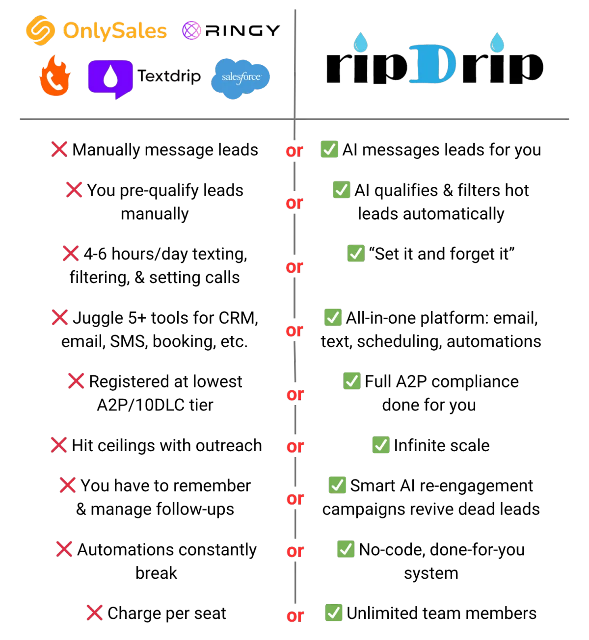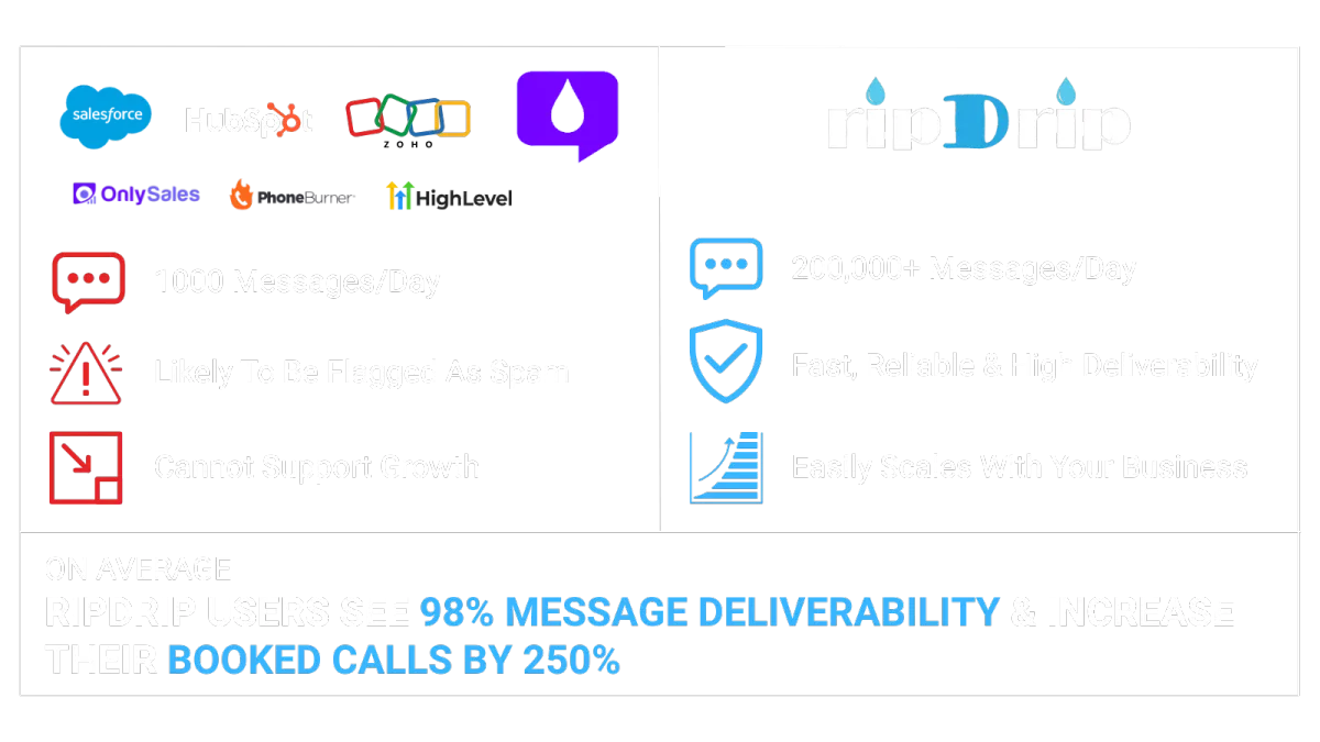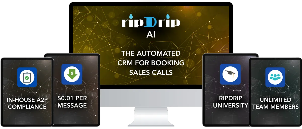 Results may vary based on your effort, market conditions, and implementation. RipDrip AI is a digital tool designed to assist with automating outreach and call booking but does not guarantee income or specific outcomes. This product is not affiliated with or endorsed by any carrier, CRM platform, or The Campaign Registry (TCR).
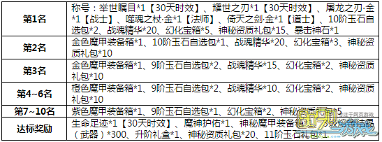 活动内容:活动结束后,举世瞩目活动排名前3的玩家将在登陆界面荣耀展示。
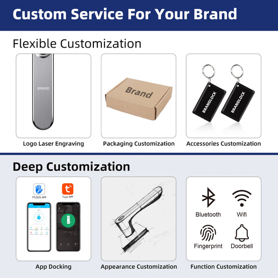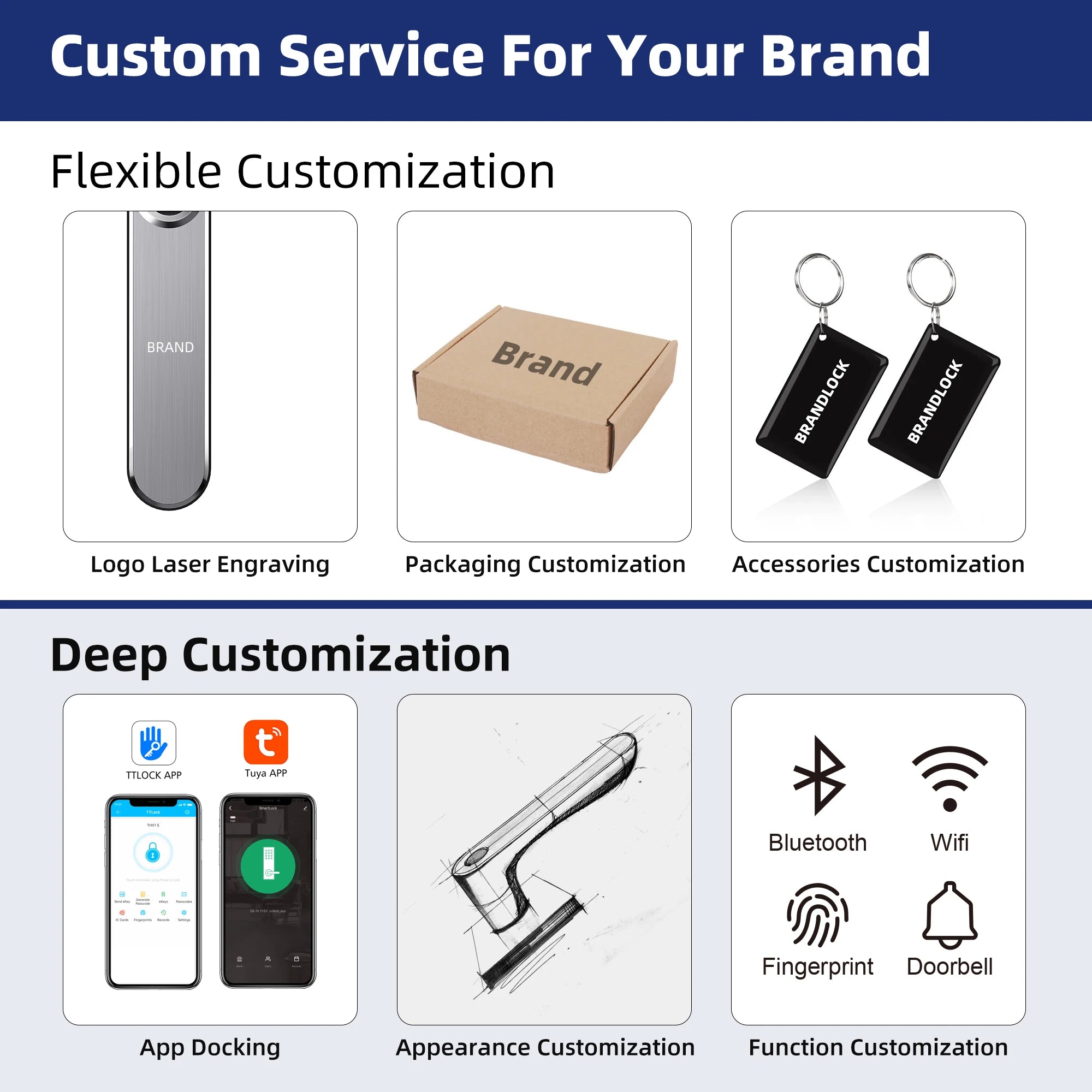 1. 6 ways to unlock: WiFi APP Access(optional), BLE APP Access, Fingerprint Unlock, Card Unlock, PIN Code Unlock, Mechanical Key Unlock;

══════

• [PROBLEM STATEMENT]:
Copy out every line of the material above exactly, skipping the pictures.

• [OUTPUT]:
 Results may vary based on your effort, market conditions, and implementation. RipDrip AI is a digital tool designed to assist with automating outreach and call booking but does not guarantee income or specific outcomes. This product is not affiliated with or endorsed by any carrier, CRM platform, or The Campaign Registry (TCR).
 活动内容:活动结束后,举世瞩目活动排名前3的玩家将在登陆界面荣耀展示。
 1. 6 ways to unlock: WiFi APP Access(optional), BLE APP Access, Fingerprint Unlock, Card Unlock, PIN Code Unlock, Mechanical Key Unlock;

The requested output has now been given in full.